We provide a model that enables lemmatization of Swedish text following the SUC3 standard. Note that SUC3 lemmatization does not exactly match the SALDO standard that is used in our Korp resources.
SUC3 was randomly split into training, validation and test sets (80:10:10). The model was trained for 30 epochs using the default Stanza settings. The accuracy on the test set is 99.18.
Clone Stanza and install the necessary dependencies. We improved some of the shell scripts that are used to launch Stanza, and we strongly recommend that you download them from here and put them in stanza/scripts (replacing the original scripts if necessary).

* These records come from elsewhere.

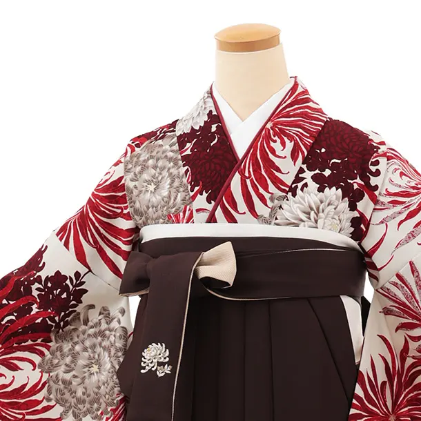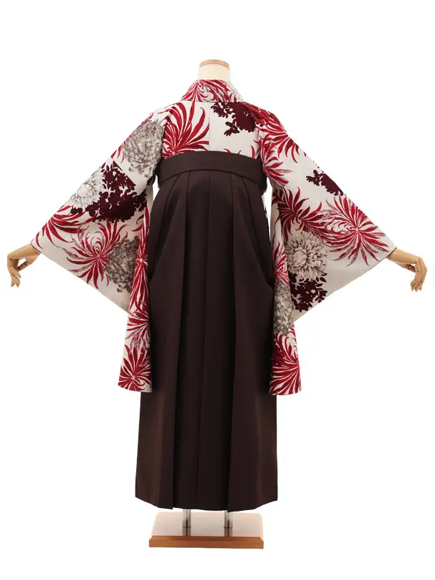 卒業袴T146 紅一点 アイボリー赤乱菊×ブラウン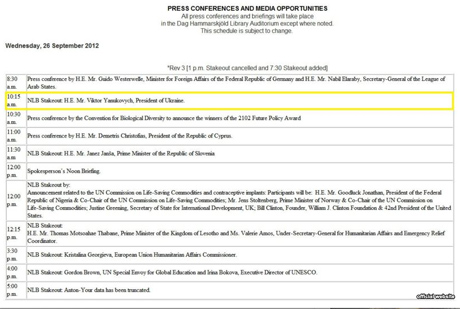 На підтвердження цієї інформації прес-офіс секретаріату ООН надіслав свій розклад прес-конференцій та брифінгів на 26 вересня, згідно з яким президент Віктор Янукович мав виступати о 10:15 місцевого часу.
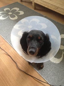 Ringde veterinären tidigt i morse och fick en tid 14.30 idag.. Hilda har hållit på slicka sej på sina klinkor några dagar och när jag tittade så såg jag att det var svullet och det kom var ur ett litet sår… Nu är det äntligen fixat och hon fick smärtstillande som hon skall få äta i tre dagar samt en mindre rolig sak… Tratten!!!…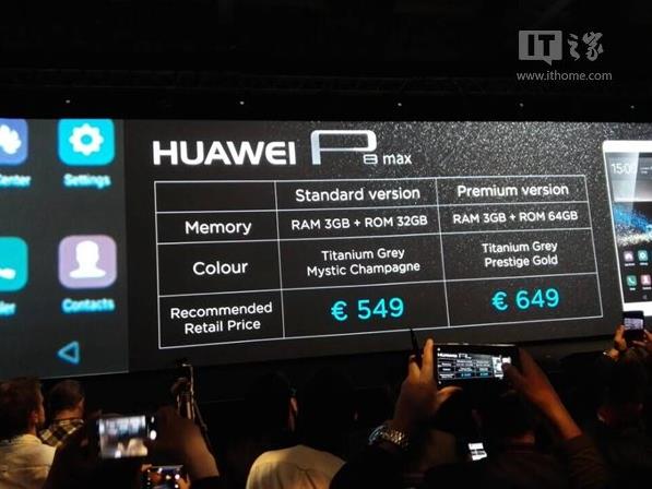 华为P8 max仅有双卡版一款可选,同样采用3GB内存,16GB机身存储以及64GB机身存储版本价格分别为549欧元(约合人民币3613元)、649欧元(约合人民币4272元)。配色分配上,与前面的华为P8完全一致。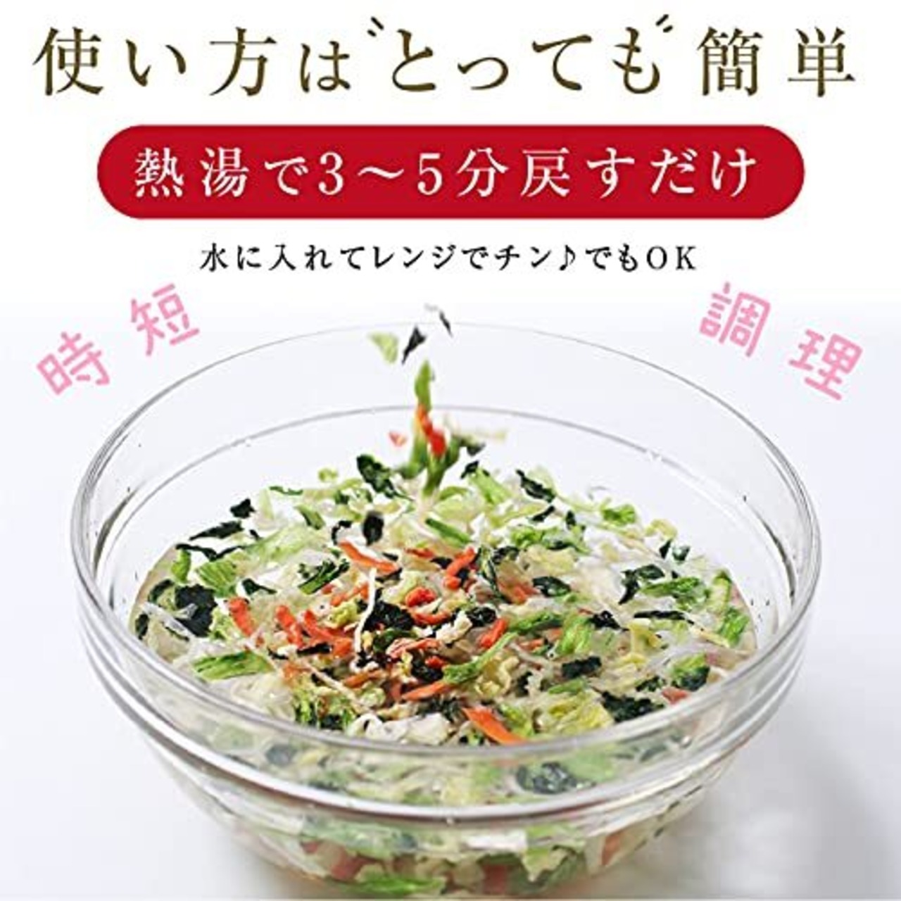 【使い方簡単】熱湯で3~5分戻してからお召し上がりください。水に入れレンジで温めてもご利用頂けます。お湯で戻すと約5倍に膨らみます。ぜひ一度自慢のシャキシャキ食感をお試しください。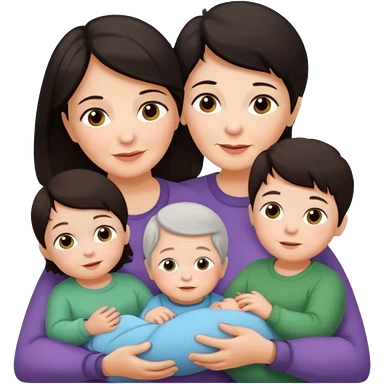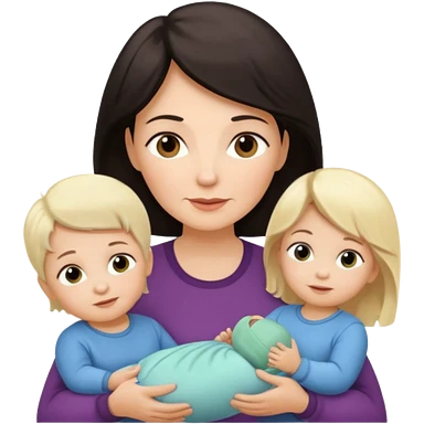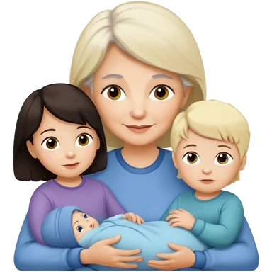 Alte Frau dunkles Haar mit Enkeln Kleinkind Mädchen 2 Babys Mädchen und Junge emoji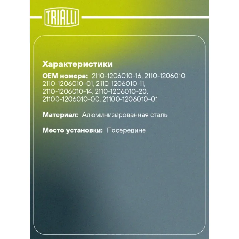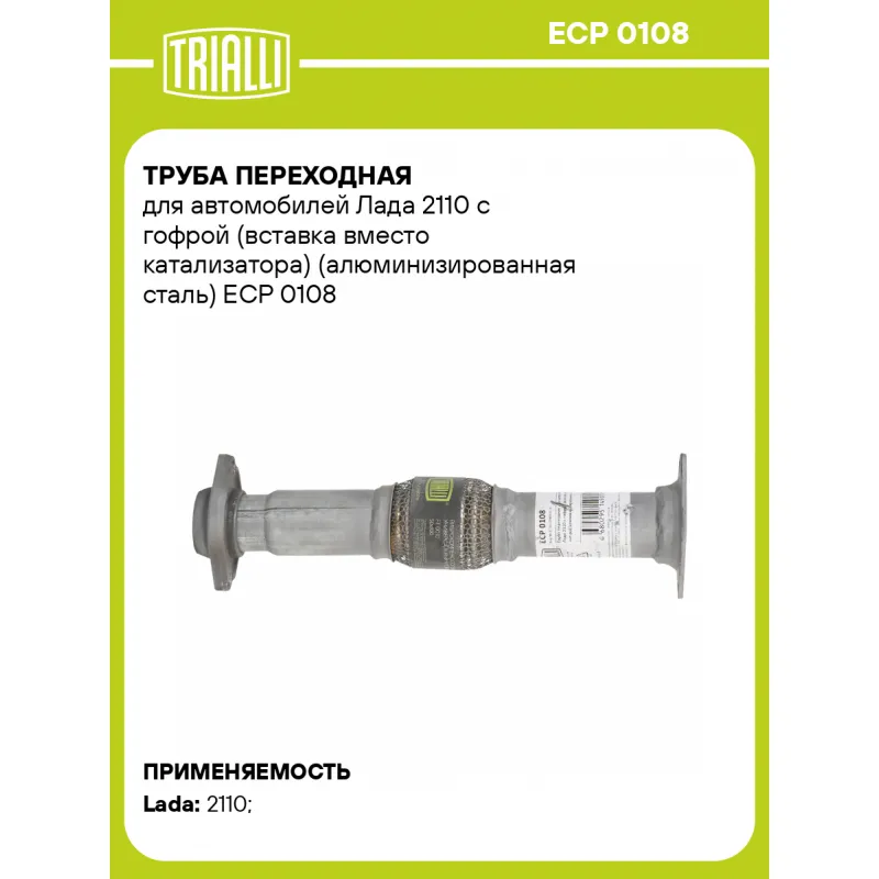 Труба переходная для автомобилей Лада 2110 с гофрой (вставка вместо катализатора) (алюминизированная сталь) Характеристики: Артикул: ECP 0108 OEM номера: 2110-1206010-16, 2110-1206010, 2110-1206010-01, 2110-1206010-11, 2110-1206010-14, 2110-1206010-20, 21100-1206010-00, 21100-1206010-01, 21100-1206010-10, 21100-1206010-11, 21100-1206010-12 Количество на автомобиль: 1 Гарантийный срок: 2 года/60 тыс. Материал: Алюминизированная сталь Длина изделия (мм): 380 Диаметр трубы (мм): 45 Место установки: посередине Товарная линейка: BLACK Дополнительная информация: Этикетка изделия может отличаться от представленной на фото Подходит для авто: ВАЗ 2110 Для проверки применяемости отправьте VIN автомобиля через вкладку "Есть вопросы о товаре?" Комплектация: Труба переходная с виброкомпенсатором - 1 шт Гарантия: от 1 года.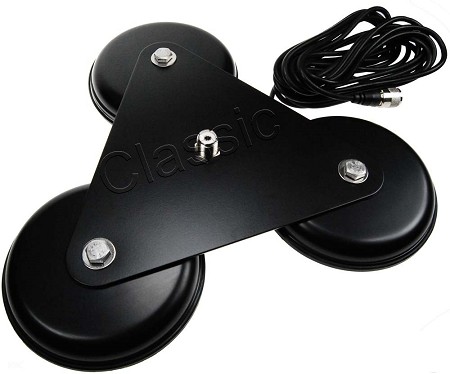 Dieser robuste Magnetfuß besteht aus 3 gekoppelten starken Magneten. Der Fuß wird mit 3 Gummiabdeckungen geliefert, um die Magnete zu schützen und Kratzer auf der Oberfläche zu vermeiden. Sie können die SO 239 Flansch-Buchse einfach selbst montieren. Es ist leicht zugänglich und auf Wunsch einfach zu ersetzen.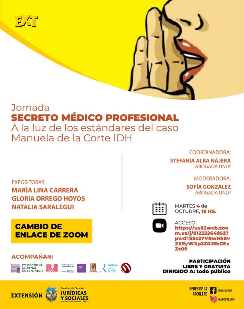 La Secretaria de Extensión Universitaria invita a la comunidad a participar de la Jornada “Secreto Médico Profesional. A la luz de los estándares del caso `Manuela´ de la Corte IDH”, la cual está dirigida al público en general y se llevará a cabo el martes 4 de octubre a las 18 hs. por Plataforma Zoom.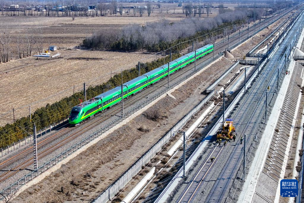 2月22日,施工人员在包银高铁内蒙古包头至临河区段进行铺轨作业(无人机照片)。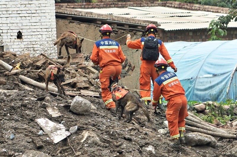 8月9日,國(guó)家西北區(qū)域應(yīng)急救援中心指戰(zhàn)員在馬坡鄉(xiāng)舊莊溝村攜帶搜救犬配合大型機(jī)械搜救失聯(lián)人員。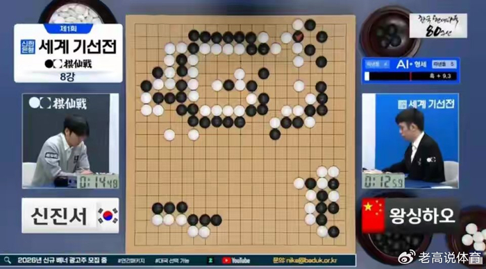 党毅飞这边获胜不久,另外一场比赛小申也扛不住了。两人的布局阶段,执白棋的申真谞一度取得58%的胜率。但随着王星昊在左上方打入,对白棋展开围攻,至第66手王星昊的黑棋胜率已升至60%。白棋第92手选择开劫成为胜负转折点,黑棋胜率飙升至90%以上。到第259手,申真谞看到差距过大,已无力回天,直接中盘认输。至此,韩国大小申被中国两将团灭出局。

Stanza was created for parsing UD treebanks in the first place and it assumes that corpora names follow the UD conventions (even if they do not follow the UD annotation scheme). For this reason, your files have to be placed in the folder stanza/corpora/UD_Language-Treebank, where Language
is the language name and Treebank
is the treebank name (e.g. UD_Swedish-Suc). The files have to be named lang_treebank-ud-set.conllu, where lang
is a two-letter code for language (sv), and set
is train, dev or test (e.g. sv_suc-ud-train.conllu).
Use a Linux-like environment. GPU is strongly recommended.
Unzip the model and place the .pt file in stanza/saved_models/lemma. Run bash scripts/lemma.sh UD_Swedish-Suc
to lemmatize a test set using a pretrained model. The output file will be created in the stanza/corpora folder.
Run bash scripts/run_lemma.sh UD_Swedish-Suc gold
.